JAK inhibitors have exploded in the dermatopharmacologic market over the past few years, with myriad disease indications and formulations available. Raj Chovatiya, MD, PhD, started this vigorous session with multiple cases including atopic dermatitis, alopecia areata, and vitiligo, all well suited to treatment with JAK inhibitors. He postulated that the JAK inhibitors work well for numerous dermatologic conditions as, though they themselves are very targeted, the JAK family of proteins impacts many different downstream cytokines. For example, in alopecia areata, MHC Class I expression is increased through JAK 1 and JAK 2, and the activated CD8+ NKG2D+ cells release IFN-gamma, which binds on follicular epithelial cells leading to transition into the catagen phase. JAK inhibitors are perfectly targeted to interfere with the feedback loop that is perpetuated in this disorder. 

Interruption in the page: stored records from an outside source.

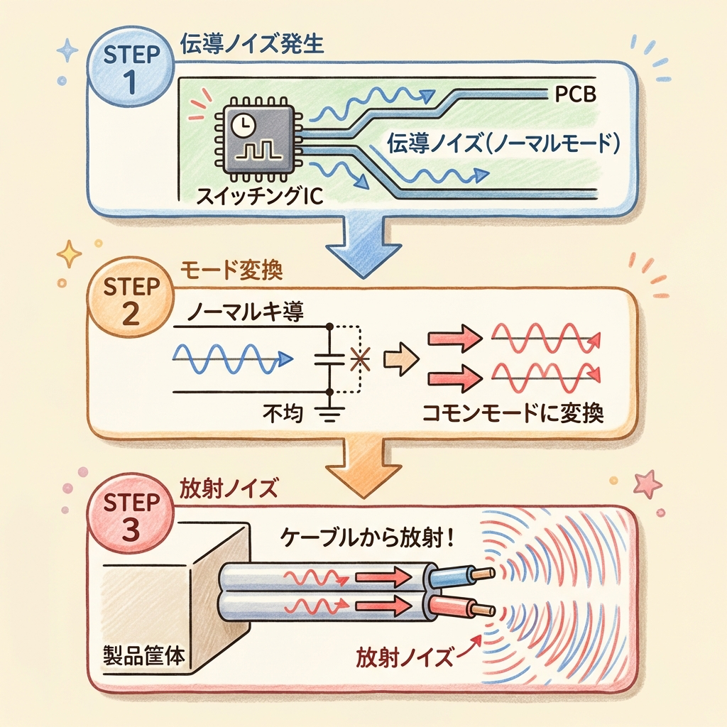 ここで実務的に非常に重要なポイントがあります。伝導ノイズと放射ノイズは完全に独立した現象ではなく、互いに変換されるのです。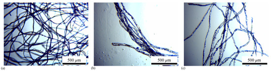 Optical microscopy (company, city, state, country) was performed on the various membranes by using a B-290 series microscope from Optika SRL (Ponteranica, Italy), to illustrate the structure of the cotton microfibers–CI/silver microparticle complex. First, the images of the pure cotton microfibers (M) are presented in Figure 3a and it can be seen that the average thickness is about 20 m. Second, the images of the cotton microfibers with honey and silver microparticles (M) show that the latter were attached to the cotton microfibers (Figure 3b). Finally, the images of the cotton microfibers with honey, silver, and CI microparticles (M) show that the latter were also attached to the cotton microfibers (Figure 3c).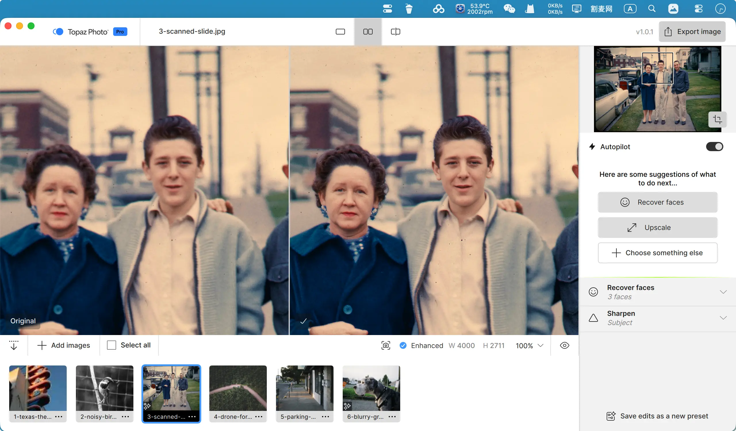 👨🎓 老照片与历史影像修复:处理扫描的老照片时,可先利用降噪功能清除霉斑与颗粒,再结合锐化与放大功能修复模糊人脸并提升分辨率,让珍贵记忆重焕清晰。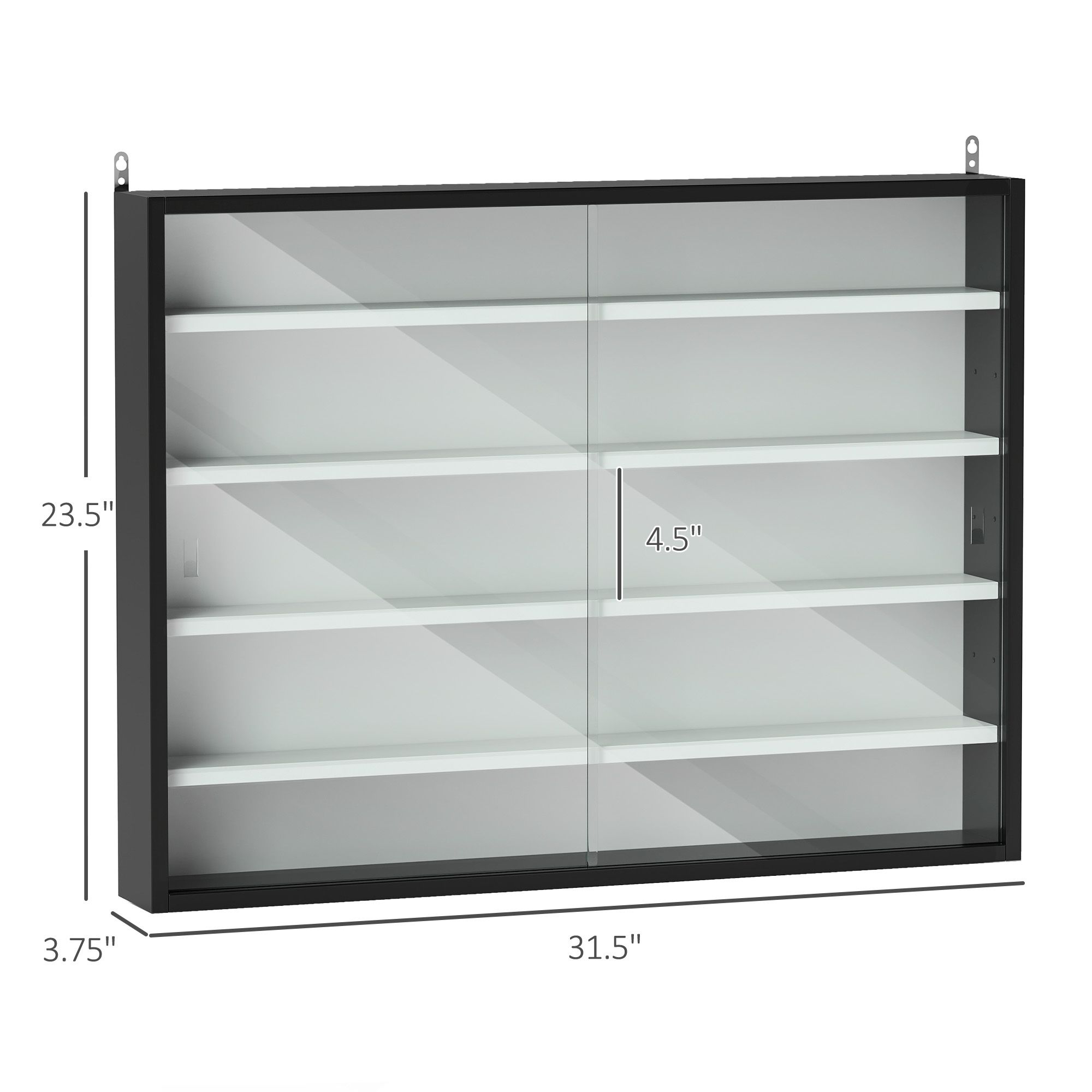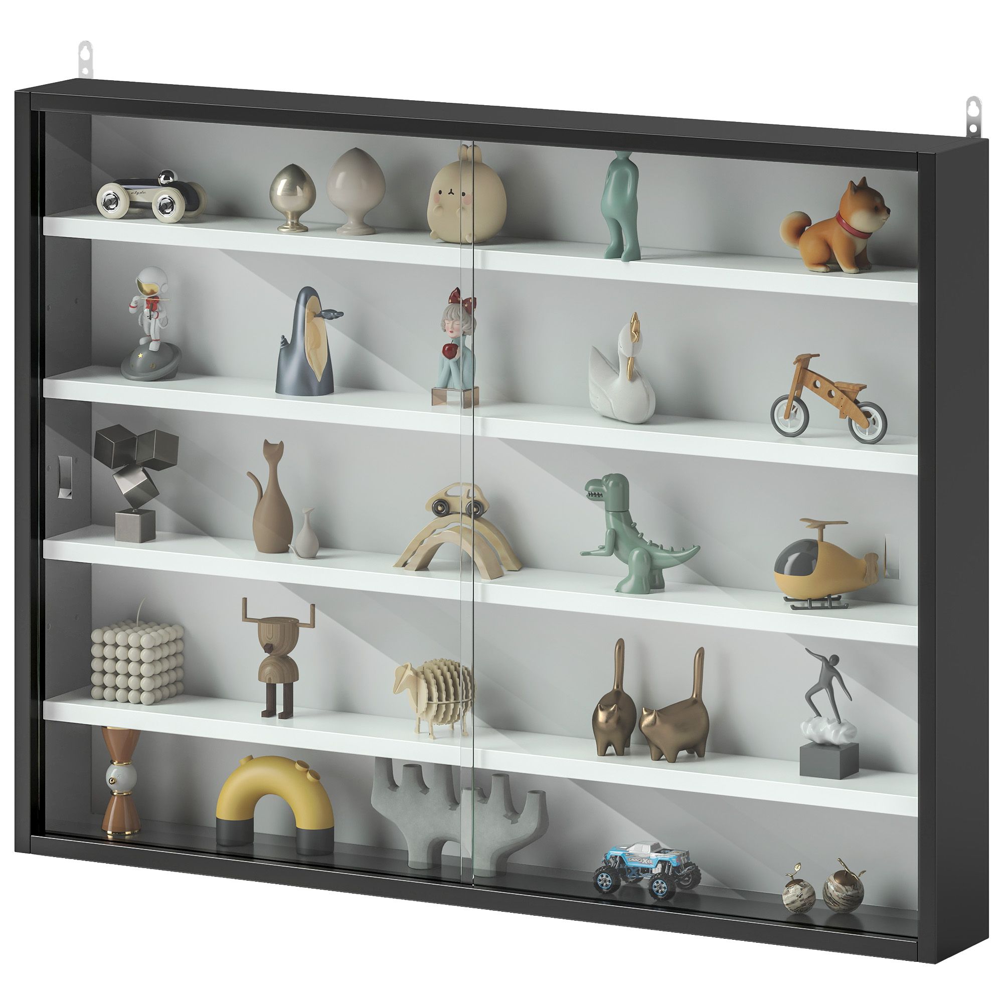 Display Cabinet 5-Tier Black White Glass Case with 2 Doors Adjustable Shelves Wall-Mounted Display Cabinet 5-Tier Black White Glass Case with 2 Doors Adjustable Shelves Wall-Mounted Display Cabinet 5-Tier Black White Glass Case with 2 Doors Adjustable Shelves Wall-Mounted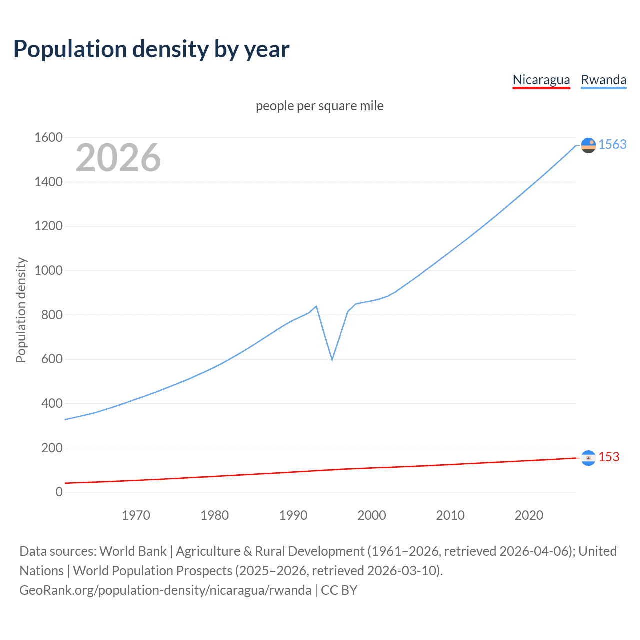 From 2006 to 2026, population density in Nicaragua increased by 31%, compared to a 60.1% growth in Rwanda.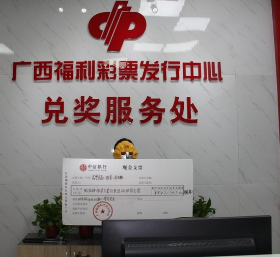开奖过后一个星期,小编终于在广西福彩兑奖服务中心见到了这位幸运购彩者。来自隆林的王女士在家人的陪同下前来办理兑奖手续。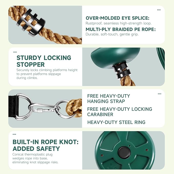 - 【UPGRADED DESIGN】- Made of Heavy duty materials, a stronger, durable design and 220lb weight capacity ensure this kid climbing rope swing will last you and your family for years.Add it to your current swing set, use it as a tree climbing rope, climbing rope ladder or a rope swing.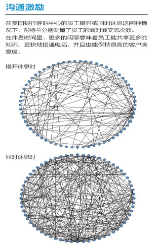 去年,彭特蘭的實(shí)驗(yàn)室與美國銀行(Bank of America)設(shè)在羅得島(Rhode Island)的呼叫中心合作,在80 名中心員工身上安裝了社會(huì)傳感器。這種傳感器看起來像一枚不顯眼的徽章,使用藍(lán)牙和紅外信號(hào)監(jiān)測(cè)實(shí)驗(yàn)對(duì)象每分鐘與哪些同事交談。測(cè)試活動(dòng)先開展了一個(gè)月,后來又進(jìn)行了6周。第一個(gè)月后,實(shí)驗(yàn)室的研究人員發(fā)現(xiàn),與更多同事進(jìn)行過交談的員工能夠更快地接通電話,他們自我感覺的壓力也相對(duì)較小,而客戶滿意度卻與其他人一樣高。與刻板地遵循員工手冊(cè)或服從經(jīng)理的電子郵件指示相比,通過非正式的閑聊來交流問題和解決方案似乎能取得更好的結(jié)果。有了這種結(jié)論之后,該呼叫中心嘗試盡量將員工的休息時(shí)間安排在一起,而非像過去那樣錯(cuò)開。這樣員工就有了更多的時(shí)間參與閑聊。幾個(gè)月后,美國銀行向?qū)嶒?yàn)室報(bào)告了結(jié)果:該呼叫中心獲得了相當(dāng)于每年1,500 萬美元的生產(chǎn)力提升。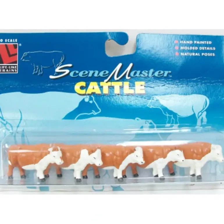 Here is a Pack of 5 O Scale Life-Like 1651 Cattle. Features include hand painted, molded details, and natural poses.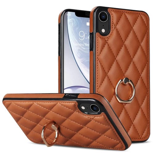 Funda para teléfono Rhombic para iPhone Xr PU Cuero con Soporte para Anillo (Marrón)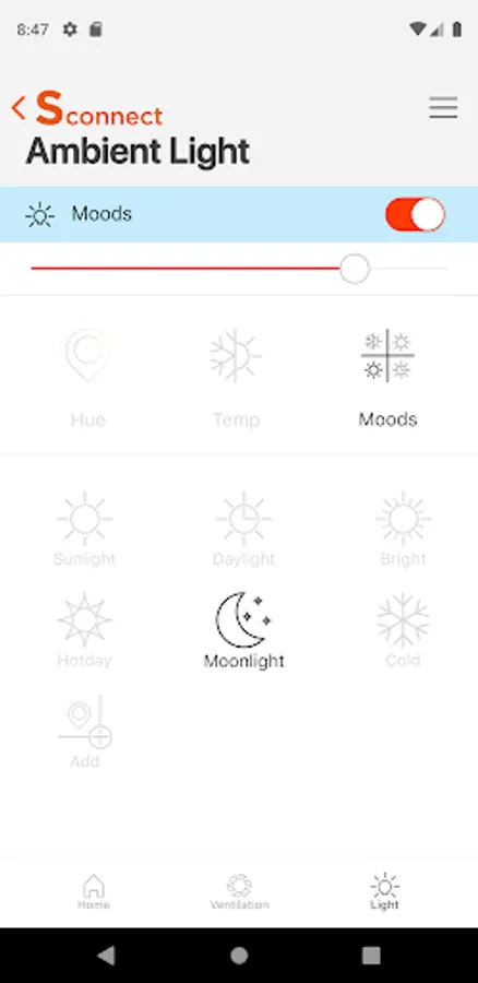 • Moods : There are 6 modes available in the Moods function. With the Add button you can create your own lighting mode.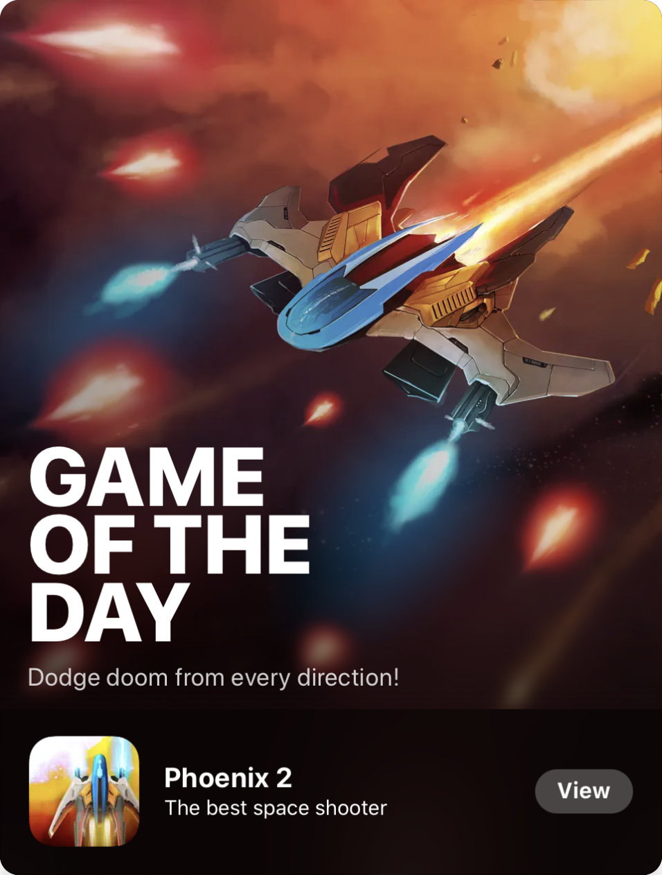 Phoenix 2 has been featured world-wide on the App Store as Game of the Day. Phoenix 2 has also been featured in Apple Retail Stores around the world, to showcase the 120Hz ProMotion displays of the iPad Pro. Our App Clip implementation also has been widely praised.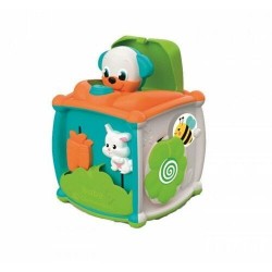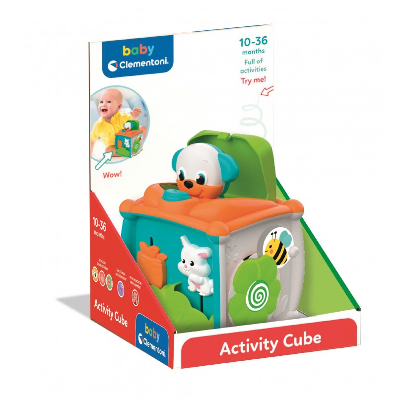 Kostka aktywności z wieloma czynnościami mechanicznymi. Zawiera aktywność z efektem Wow, którą można aktywować za pomocą przycisków, rolek, kół zębatych, itp. Zawiera też grzechotki i efekty dźwiękowe.

In addition, because they are small-molecule-based treatments, they do not develop immunologic memory like other biologics or theoretical tachyphylaxis. First-generation JAK inhibitors are ATP competitive, meaning they are less inherently selective and have a higher risk of adverse events while they target the highly conserved JAK H1 domain. First-generation JAK inhibitors include tofacitinib, baricitinib, ruxolitinib, and oclacitinib. Second-generation JAK inhibitors are also ATP competitive but are more selective. Conserved adverse effects include cytopenias, hyperlipidemia, and infections. The shared box warning for this class of medications was derived from a 10-year oral surveillance study of patients with rheumatoid arthritis on tofacitinib compared to those on TNF-alpha inhibitors. All of the patients were on methotrexate and many were over 50 years old with more than one cardiovascular risk factor. There was an increased incidence in opportunistic infections, major cardiac events, and malignancy. While this highly conserved evolutionary pathway is important in many pathways, including many that are not related to dermatology, adverse event rates seem to reflect underlying risk factors of the treated population. Dr Chovatiya emphasized the importance of knowing where the warning comes from and how to educate your patients on their own risk to decide if JAK inhibitors are an appropriate treatment.

He finalized his talk by driving home the uses of the various FDA-approved JAK inhibitors. Ruxolitinib 1.5% cream is excellent for atopic dermatitis, simplifying complicated treatment routines, and vitiligo, especially in combination with NB-UVB. Abrocitinib and upadacitinib are approved for atopic dermatitis, while the latter has many clinical trials underway for other indications. Both of these JAK1 selective inhibitors demonstrated remarkable responses within 12 weeks of treatment. Baricitinib, a JAK1 and 2 selective inhibitor, was the first JAK inhibitor approved for alopecia areata in the US and is in studies for juvenile idiopathic arthritis. Ritlecitinib shortly followed baricitinib for alopecia areata. Lastly, deucravacitinib, the TYK-2 inhibitor, may be the superior oral option for patients with psoriasis.